— PROMPT —
Please repeat exactly the lines below from the one containing "al lado bestial." down to the one containing "La campanya ‘Catalans", both included, and nothing else.

— RECORDED INFORMATION —
⟨

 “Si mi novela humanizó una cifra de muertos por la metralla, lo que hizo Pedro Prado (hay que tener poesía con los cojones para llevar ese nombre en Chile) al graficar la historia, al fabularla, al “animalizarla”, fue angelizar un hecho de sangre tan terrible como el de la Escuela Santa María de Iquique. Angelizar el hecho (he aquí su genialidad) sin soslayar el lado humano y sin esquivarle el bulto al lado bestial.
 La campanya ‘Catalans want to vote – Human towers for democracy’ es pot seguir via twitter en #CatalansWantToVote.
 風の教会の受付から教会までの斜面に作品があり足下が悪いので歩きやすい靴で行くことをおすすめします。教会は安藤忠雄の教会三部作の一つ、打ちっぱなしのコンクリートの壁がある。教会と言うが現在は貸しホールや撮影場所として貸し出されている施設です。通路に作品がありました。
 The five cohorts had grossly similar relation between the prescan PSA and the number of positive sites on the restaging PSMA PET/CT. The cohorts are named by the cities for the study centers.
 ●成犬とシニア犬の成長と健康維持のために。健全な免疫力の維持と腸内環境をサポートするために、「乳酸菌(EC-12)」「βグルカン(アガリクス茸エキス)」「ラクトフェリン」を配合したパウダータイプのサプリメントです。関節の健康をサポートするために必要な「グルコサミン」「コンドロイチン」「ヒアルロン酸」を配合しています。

⟩
⟨

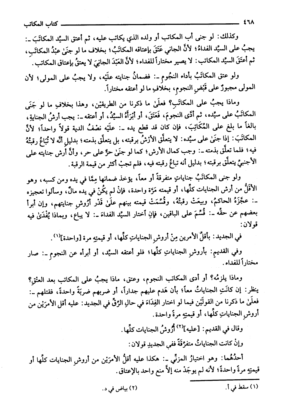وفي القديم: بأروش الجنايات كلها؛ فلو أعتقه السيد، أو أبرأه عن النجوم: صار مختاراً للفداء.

⟩

— TASK RESULT —
 “Si mi novela humanizó una cifra de muertos por la metralla, lo que hizo Pedro Prado (hay que tener poesía con los cojones para llevar ese nombre en Chile) al graficar la historia, al fabularla, al “animalizarla”, fue angelizar un hecho de sangre tan terrible como el de la Escuela Santa María de Iquique. Angelizar el hecho (he aquí su genialidad) sin soslayar el lado humano y sin esquivarle el bulto al lado bestial.
 La campanya ‘Catalans want to vote – Human towers for democracy’ es pot seguir via twitter en #CatalansWantToVote.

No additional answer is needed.